Guatemala,  (PL)  La justicia especializada con enfoque de género en Guatemala le debe mucho a la magistrada de la Corte Suprema de Justicia (CSJ), Thelma Aldana, quien debió sortear las justificaciones expresadas por algunos para que desistiera de ese objetivo.  

En diálogo con Prensa Latina, la expresidenta de la CSJ de 2011 a 2012, manifestó sentirse orgullosa por haber sido perseverante en el logro de su meta: implementar  los juzgados y tribunales que analizan casos de violencia hacia la mujer en Guatemala, “un país de una estructura patriarcal profunda”.    

A su juicio, las de sexo femenino han sido subordinadas y marginadas en esta nación centroamericana.    
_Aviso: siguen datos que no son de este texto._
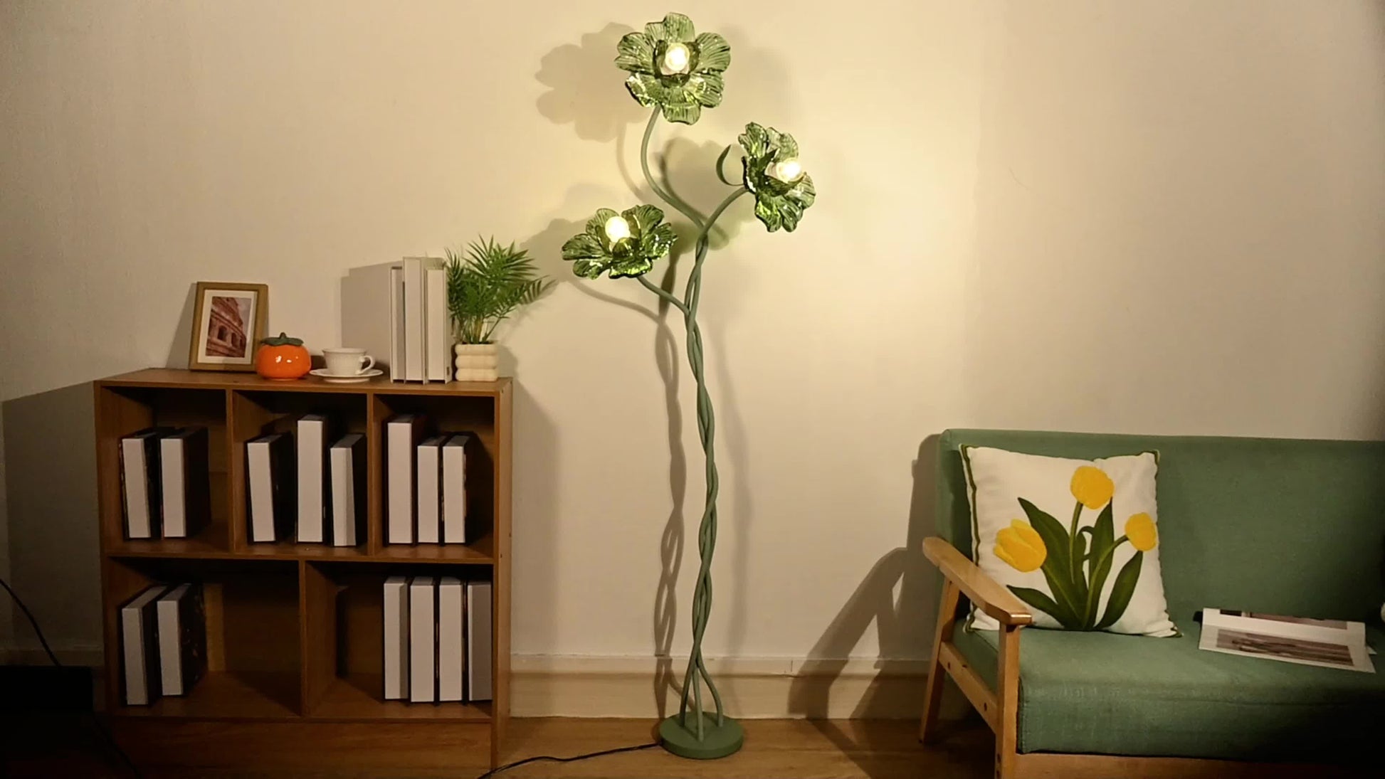 Brighten your space with the Cherry Blossom Three-Head Floor Lamp, a versatile swing-arm centerpiece that delivers adjustable, flower-inspired lighting at the push of a button.

La estructura patriarcal, subrayó, utiliza la violencia como una forma de hacerle entender a la mujer que debe ser sumisa, obediente y dedicarse a los asuntos privados de su casa, sin que pueda desarrollarse como ser humano, mientras sufre en silencio.  
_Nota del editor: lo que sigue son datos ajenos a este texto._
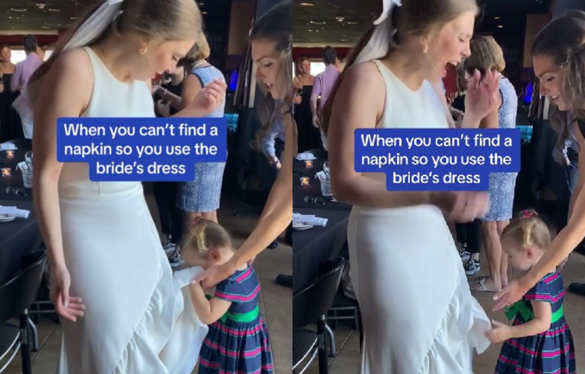 Στο σύντομο κλιπ, που έχει αναρτηθεί στο TikTok και μετρά πάνω από ένα εκατομμύριο προβολές και χιλιάδες προβολές, ένα νήπιο πλησιάζει τη νύφη και χρησιμοποιεί αδιάφορα το λευκό νυφικό της ως πετσέτα για να σκουπίσει το πρόσωπό της.

La también Máster en Derecho Civil y Procesal Civil, comenzó su carrera profesional en 1981 como conserje del Juzgado de Familia de Quetzaltenango (suroccidente) y a partir de su experiencia en defensa de la equidad de género, publicó este año su ensayo Los retos de la esperanza.   

En el texto académico, la autora analiza los fundamentos históricos del patriarcado y hace particular énfasis en la justicia especializada con enfoque de género en Guatemala.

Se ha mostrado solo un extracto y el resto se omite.